**EXERCISE PROMPT:**
Set down the listing exactly as given, minus images.

**THE DATA:**
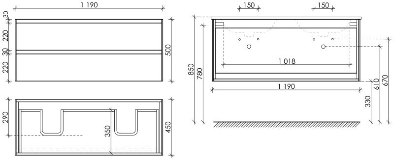 - Размер: Ш119 x Г45 x В50 см
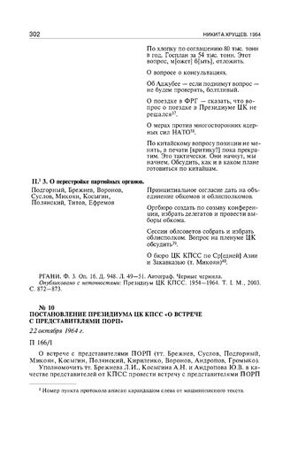 Постановление Президиума ЦК КПСС «О встрече с представителями ПОРП». 22 октября 1964 г.
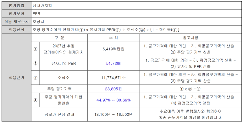 동사는 다음과 같은 Valuation을 제시했다. 전체적으로 보면, '27년 추정순이익을 끌어오는 방식으로 Valuation을 했다. 적용 PER는 51.72배를 적용하였고, '27년 당기순이익은 약 54억 원을 추정했다.
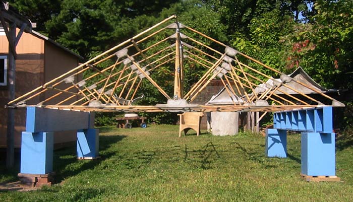 Plywood girders are positioned with exterior dimension at 3.5 meters to simulate exterior walls for example assembly. The actual roof material will not be placed until someone wants a 2.5 x 3.5 meter structure. The size is large enough to require extra permits for transport to a final site, also extra trusses could be made and the size might become three or four meters in length by 3.5 meter width.
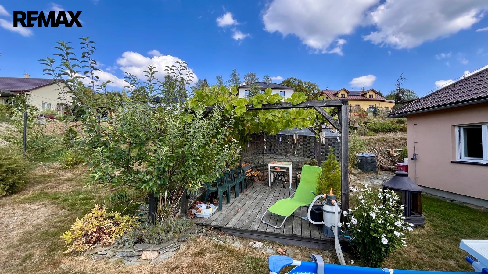 Pozemek o výměře 1 233 m² poskytuje dostatek prostoru pro rodinný život. Děti zde mohou bezpečně běhat po zahradě, vy můžete zahradničit, relaxovat nebo vytvořit příjemné venkovní posezení. Na pozemku je již připravena příprava na terasu včetně základního materiálu a také prostor pro vybudování přírodního jezírka.

**OUTPUT BELOW:**
 - Размер: Ш119 x Г45 x В50 см
 Постановление Президиума ЦК КПСС «О встрече с представителями ПОРП». 22 октября 1964 г.
 동사는 다음과 같은 Valuation을 제시했다. 전체적으로 보면, '27년 추정순이익을 끌어오는 방식으로 Valuation을 했다. 적용 PER는 51.72배를 적용하였고, '27년 당기순이익은 약 54억 원을 추정했다.
 Plywood girders are positioned with exterior dimension at 3.5 meters to simulate exterior walls for example assembly. The actual roof material will not be placed until someone wants a 2.5 x 3.5 meter structure. The size is large enough to require extra permits for transport to a final site, also extra trusses could be made and the size might become three or four meters in length by 3.5 meter width.
 Pozemek o výměře 1 233 m² poskytuje dostatek prostoru pro rodinný život. Děti zde mohou bezpečně běhat po zahradě, vy můžete zahradničit, relaxovat nebo vytvořit příjemné venkovní posezení. Na pozemku je již připravena příprava na terasu včetně základního materiálu a také prostor pro vybudování přírodního jezírka.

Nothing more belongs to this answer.